(Dataset items)

++++

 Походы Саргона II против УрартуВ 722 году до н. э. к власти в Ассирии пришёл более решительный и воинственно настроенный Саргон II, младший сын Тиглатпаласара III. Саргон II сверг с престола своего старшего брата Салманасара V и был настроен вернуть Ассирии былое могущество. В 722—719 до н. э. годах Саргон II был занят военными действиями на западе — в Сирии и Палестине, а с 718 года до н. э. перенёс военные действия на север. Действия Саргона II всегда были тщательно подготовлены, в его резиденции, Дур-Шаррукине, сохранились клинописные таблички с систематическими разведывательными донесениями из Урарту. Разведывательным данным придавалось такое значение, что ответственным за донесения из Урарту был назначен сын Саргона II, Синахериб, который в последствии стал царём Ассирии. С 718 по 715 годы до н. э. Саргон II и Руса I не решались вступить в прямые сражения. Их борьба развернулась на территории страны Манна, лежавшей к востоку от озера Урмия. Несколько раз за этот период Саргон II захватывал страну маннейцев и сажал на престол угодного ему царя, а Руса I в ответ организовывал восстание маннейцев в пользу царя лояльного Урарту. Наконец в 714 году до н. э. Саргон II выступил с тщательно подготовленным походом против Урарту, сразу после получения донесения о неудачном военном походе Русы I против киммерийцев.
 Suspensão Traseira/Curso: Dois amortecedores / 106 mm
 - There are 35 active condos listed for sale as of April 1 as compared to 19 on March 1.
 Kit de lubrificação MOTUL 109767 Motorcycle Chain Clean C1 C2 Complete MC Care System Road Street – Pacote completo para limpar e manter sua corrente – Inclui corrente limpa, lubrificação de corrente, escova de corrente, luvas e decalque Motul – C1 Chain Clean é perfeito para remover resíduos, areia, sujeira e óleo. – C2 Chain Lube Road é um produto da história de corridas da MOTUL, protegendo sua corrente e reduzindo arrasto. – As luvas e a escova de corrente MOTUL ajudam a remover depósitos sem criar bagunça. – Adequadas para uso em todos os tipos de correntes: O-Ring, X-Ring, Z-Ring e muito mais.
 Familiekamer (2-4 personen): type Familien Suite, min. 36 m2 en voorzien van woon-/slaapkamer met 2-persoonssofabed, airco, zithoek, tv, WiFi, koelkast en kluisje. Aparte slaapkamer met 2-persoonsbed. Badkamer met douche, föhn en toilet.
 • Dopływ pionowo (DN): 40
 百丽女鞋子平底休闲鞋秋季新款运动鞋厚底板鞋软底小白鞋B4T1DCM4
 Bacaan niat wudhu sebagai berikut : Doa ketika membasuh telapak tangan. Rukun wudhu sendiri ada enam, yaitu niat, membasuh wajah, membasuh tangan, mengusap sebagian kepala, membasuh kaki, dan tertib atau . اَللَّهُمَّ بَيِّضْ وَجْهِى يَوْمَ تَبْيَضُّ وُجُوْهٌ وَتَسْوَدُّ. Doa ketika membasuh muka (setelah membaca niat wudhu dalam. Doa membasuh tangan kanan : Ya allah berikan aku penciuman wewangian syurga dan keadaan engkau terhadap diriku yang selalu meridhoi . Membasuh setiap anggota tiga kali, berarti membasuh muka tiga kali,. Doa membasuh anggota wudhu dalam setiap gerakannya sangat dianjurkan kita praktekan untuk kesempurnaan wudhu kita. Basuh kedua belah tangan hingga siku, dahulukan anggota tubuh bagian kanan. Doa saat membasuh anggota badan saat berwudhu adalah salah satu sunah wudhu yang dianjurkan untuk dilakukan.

++++

> [TASK REQUIREMENTS]
Look above for the line containing "- There are" and the line containing "百丽女鞋子平底休闲鞋秋季新款运动鞋厚底板鞋软底小白鞋B4T1DCM4". Transcribe both, with the lines between them, exactly.

> [RESPONSE TO THE TASK]
 - There are 35 active condos listed for sale as of April 1 as compared to 19 on March 1.
 Kit de lubrificação MOTUL 109767 Motorcycle Chain Clean C1 C2 Complete MC Care System Road Street – Pacote completo para limpar e manter sua corrente – Inclui corrente limpa, lubrificação de corrente, escova de corrente, luvas e decalque Motul – C1 Chain Clean é perfeito para remover resíduos, areia, sujeira e óleo. – C2 Chain Lube Road é um produto da história de corridas da MOTUL, protegendo sua corrente e reduzindo arrasto. – As luvas e a escova de corrente MOTUL ajudam a remover depósitos sem criar bagunça. – Adequadas para uso em todos os tipos de correntes: O-Ring, X-Ring, Z-Ring e muito mais.
 Familiekamer (2-4 personen): type Familien Suite, min. 36 m2 en voorzien van woon-/slaapkamer met 2-persoonssofabed, airco, zithoek, tv, WiFi, koelkast en kluisje. Aparte slaapkamer met 2-persoonsbed. Badkamer met douche, föhn en toilet.
 • Dopływ pionowo (DN): 40
 百丽女鞋子平底休闲鞋秋季新款运动鞋厚底板鞋软底小白鞋B4T1DCM4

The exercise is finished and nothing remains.